[Data block Boundary: Start]
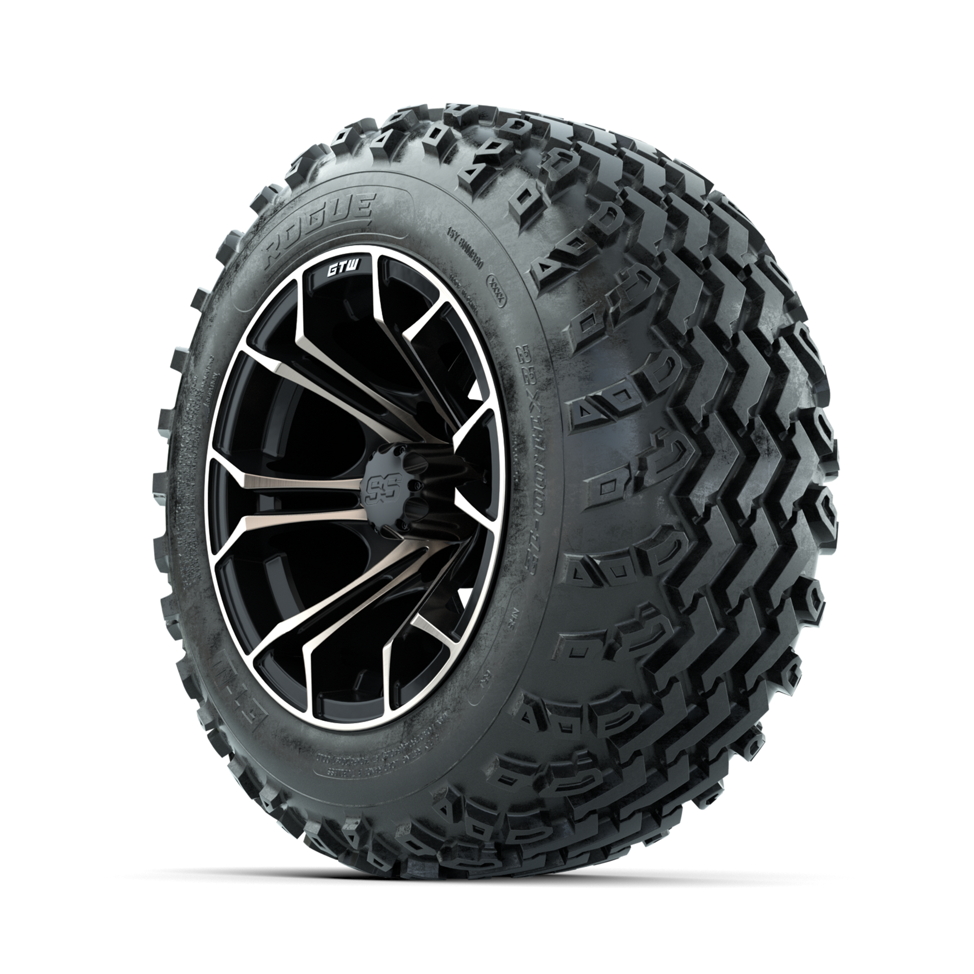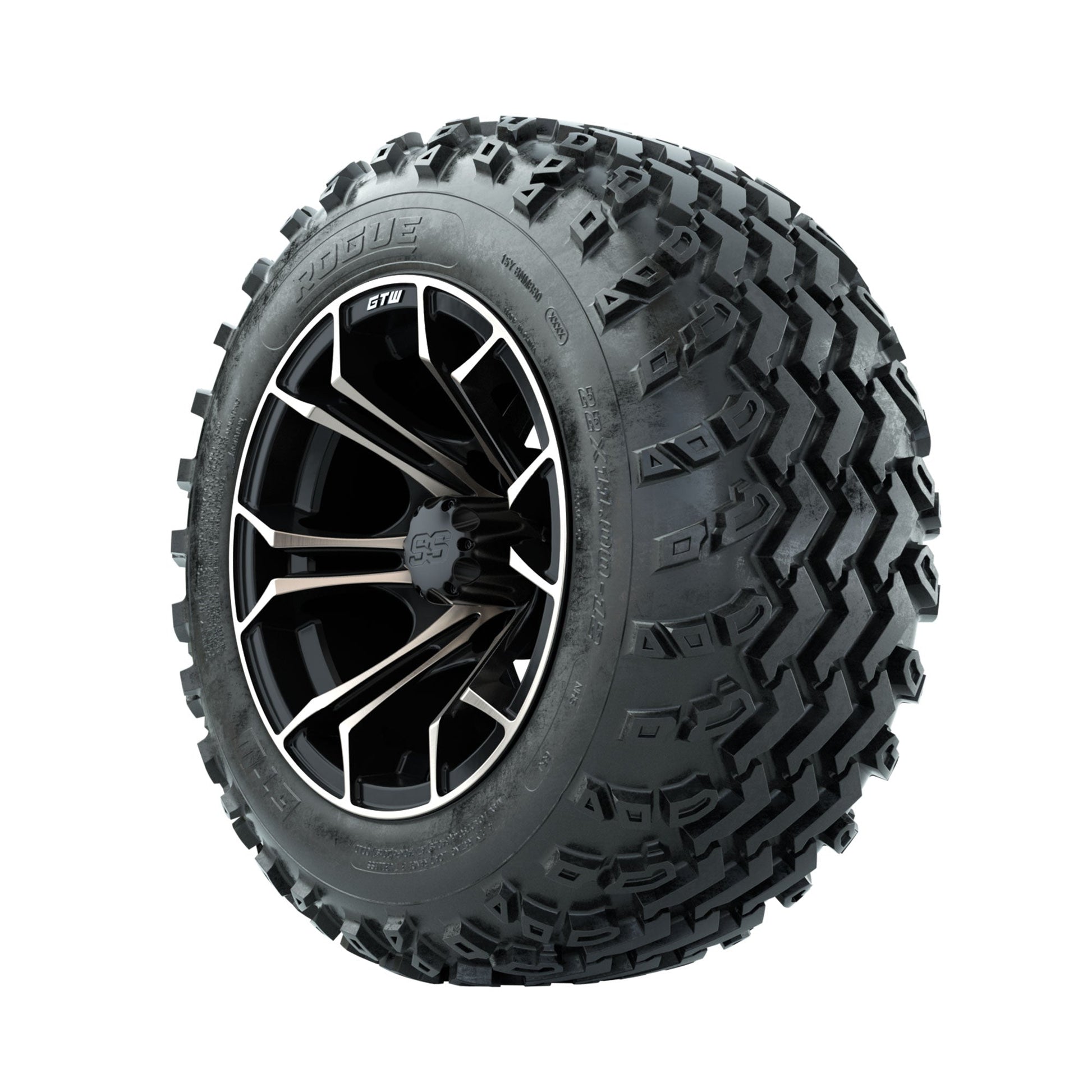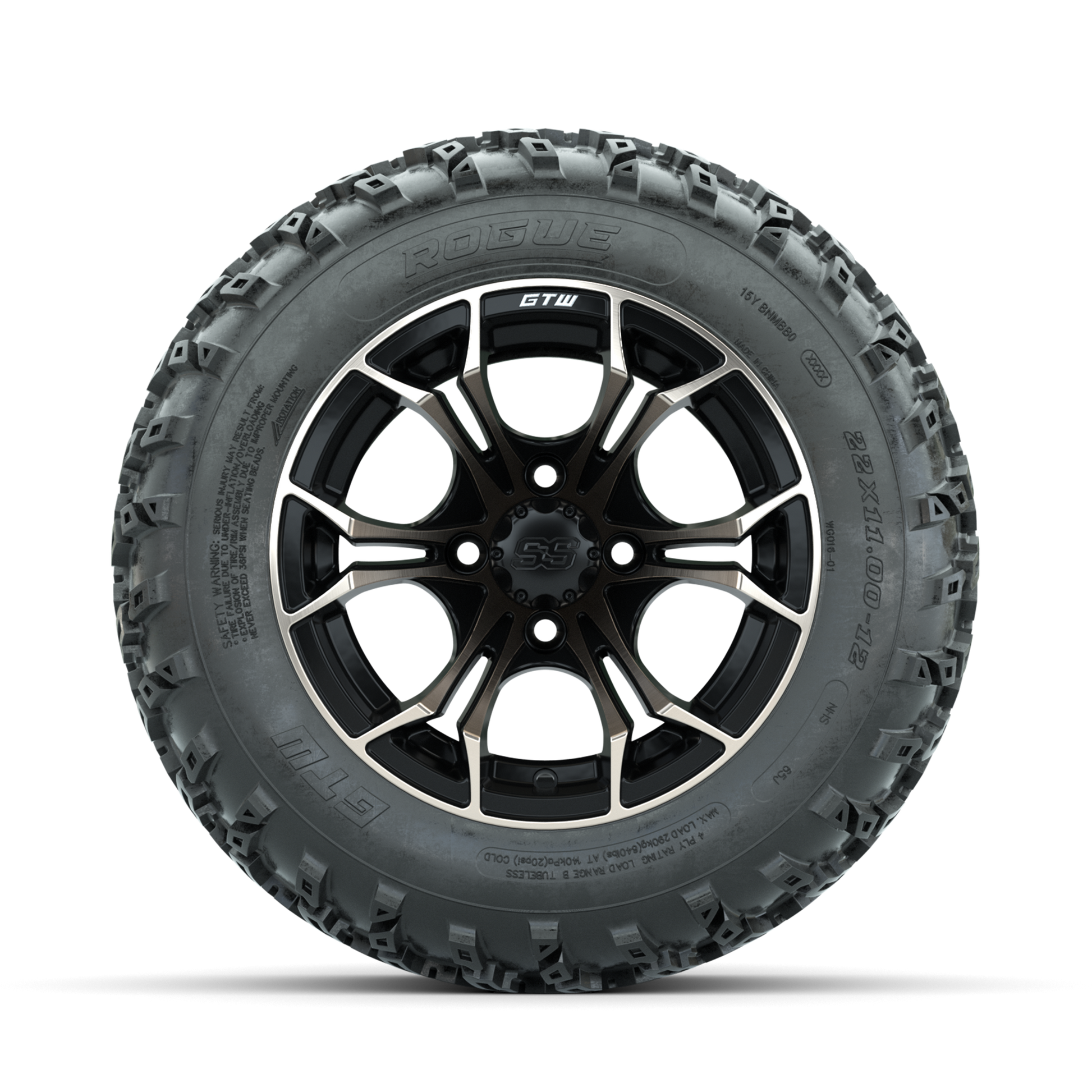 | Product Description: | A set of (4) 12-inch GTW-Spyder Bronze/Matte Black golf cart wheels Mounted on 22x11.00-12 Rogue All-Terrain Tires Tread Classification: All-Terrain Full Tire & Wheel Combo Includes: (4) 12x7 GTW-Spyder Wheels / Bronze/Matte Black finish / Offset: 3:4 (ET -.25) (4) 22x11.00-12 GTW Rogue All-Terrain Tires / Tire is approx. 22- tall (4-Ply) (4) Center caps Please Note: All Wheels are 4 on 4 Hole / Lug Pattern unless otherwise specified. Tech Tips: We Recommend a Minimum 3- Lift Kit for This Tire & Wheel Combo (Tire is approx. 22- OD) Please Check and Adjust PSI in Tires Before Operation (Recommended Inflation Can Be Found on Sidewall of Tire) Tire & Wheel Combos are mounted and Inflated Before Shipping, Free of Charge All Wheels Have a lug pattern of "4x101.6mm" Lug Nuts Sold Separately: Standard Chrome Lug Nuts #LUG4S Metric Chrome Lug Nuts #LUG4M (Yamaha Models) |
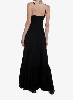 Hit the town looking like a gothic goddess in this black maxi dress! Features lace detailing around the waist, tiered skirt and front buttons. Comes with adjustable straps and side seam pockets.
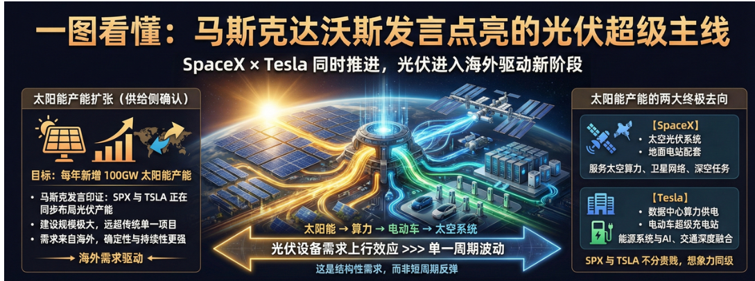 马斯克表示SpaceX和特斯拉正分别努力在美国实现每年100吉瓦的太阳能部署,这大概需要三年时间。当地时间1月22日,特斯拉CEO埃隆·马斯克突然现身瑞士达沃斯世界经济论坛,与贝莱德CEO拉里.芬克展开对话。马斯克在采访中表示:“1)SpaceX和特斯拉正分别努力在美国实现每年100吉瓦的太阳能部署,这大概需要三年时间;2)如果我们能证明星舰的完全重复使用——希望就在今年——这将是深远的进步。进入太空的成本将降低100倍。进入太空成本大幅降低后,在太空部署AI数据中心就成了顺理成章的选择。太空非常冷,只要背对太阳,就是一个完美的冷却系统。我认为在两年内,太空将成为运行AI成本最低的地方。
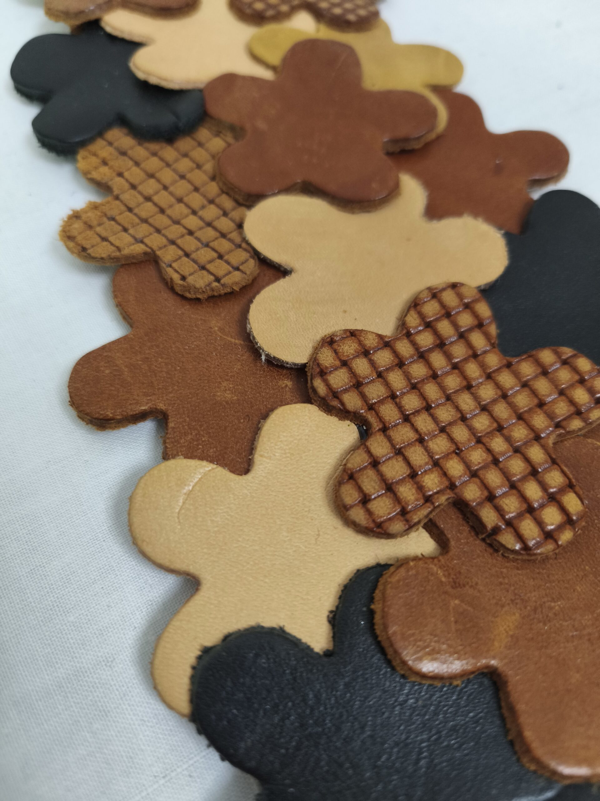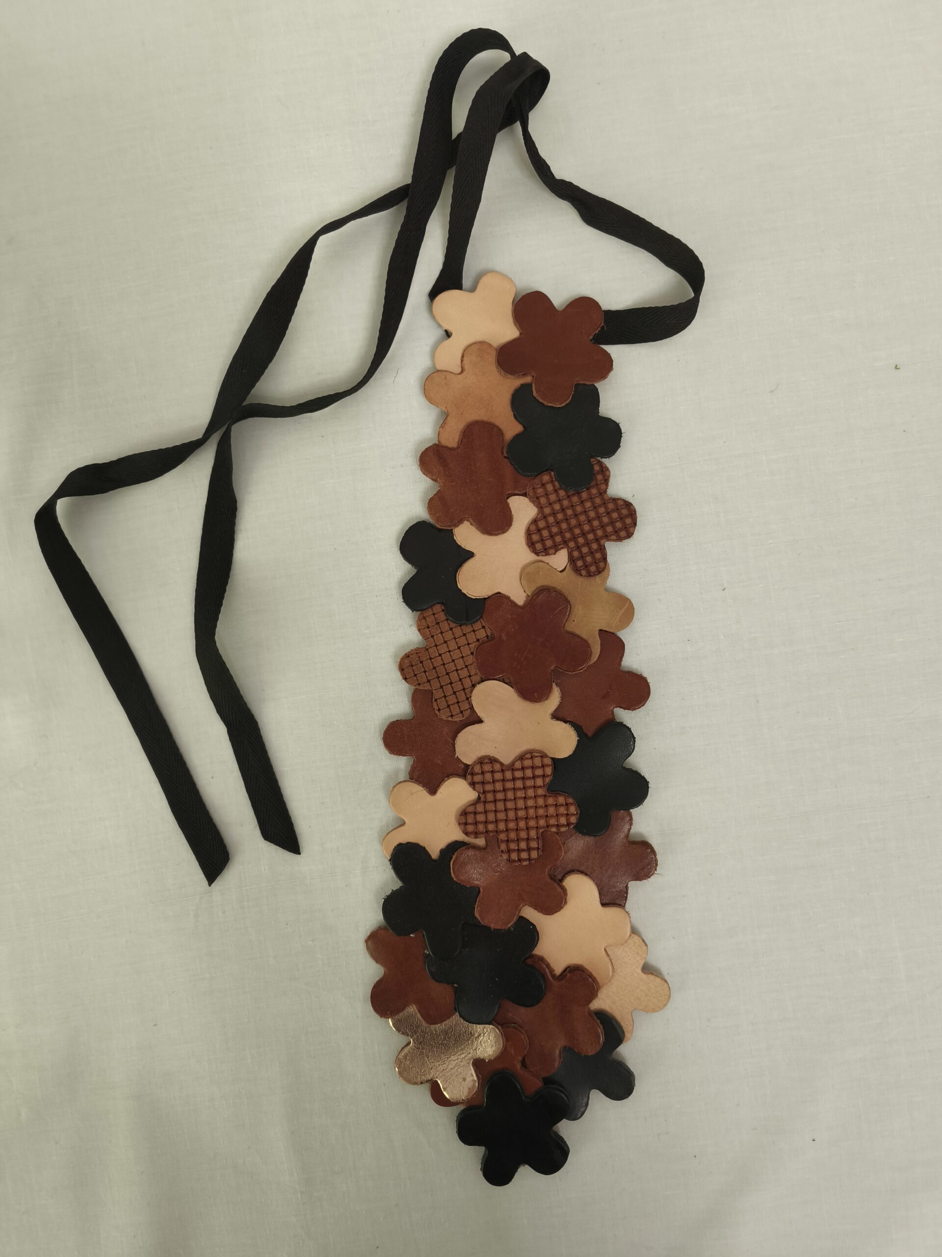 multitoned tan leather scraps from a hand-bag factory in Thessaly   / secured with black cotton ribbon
[Data block Boundary: End]
**Problem to solve**
Copy out all of the material exactly as written, without its pictures.

**Solution to this problem**
 | Product Description: | A set of (4) 12-inch GTW-Spyder Bronze/Matte Black golf cart wheels Mounted on 22x11.00-12 Rogue All-Terrain Tires Tread Classification: All-Terrain Full Tire & Wheel Combo Includes: (4) 12x7 GTW-Spyder Wheels / Bronze/Matte Black finish / Offset: 3:4 (ET -.25) (4) 22x11.00-12 GTW Rogue All-Terrain Tires / Tire is approx. 22- tall (4-Ply) (4) Center caps Please Note: All Wheels are 4 on 4 Hole / Lug Pattern unless otherwise specified. Tech Tips: We Recommend a Minimum 3- Lift Kit for This Tire & Wheel Combo (Tire is approx. 22- OD) Please Check and Adjust PSI in Tires Before Operation (Recommended Inflation Can Be Found on Sidewall of Tire) Tire & Wheel Combos are mounted and Inflated Before Shipping, Free of Charge All Wheels Have a lug pattern of "4x101.6mm" Lug Nuts Sold Separately: Standard Chrome Lug Nuts #LUG4S Metric Chrome Lug Nuts #LUG4M (Yamaha Models) |
 Hit the town looking like a gothic goddess in this black maxi dress! Features lace detailing around the waist, tiered skirt and front buttons. Comes with adjustable straps and side seam pockets.
 马斯克表示SpaceX和特斯拉正分别努力在美国实现每年100吉瓦的太阳能部署,这大概需要三年时间。当地时间1月22日,特斯拉CEO埃隆·马斯克突然现身瑞士达沃斯世界经济论坛,与贝莱德CEO拉里.芬克展开对话。马斯克在采访中表示:“1)SpaceX和特斯拉正分别努力在美国实现每年100吉瓦的太阳能部署,这大概需要三年时间;2)如果我们能证明星舰的完全重复使用——希望就在今年——这将是深远的进步。进入太空的成本将降低100倍。进入太空成本大幅降低后,在太空部署AI数据中心就成了顺理成章的选择。太空非常冷,只要背对太阳,就是一个完美的冷却系统。我认为在两年内,太空将成为运行AI成本最低的地方。
 multitoned tan leather scraps from a hand-bag factory in Thessaly   / secured with black cotton ribbon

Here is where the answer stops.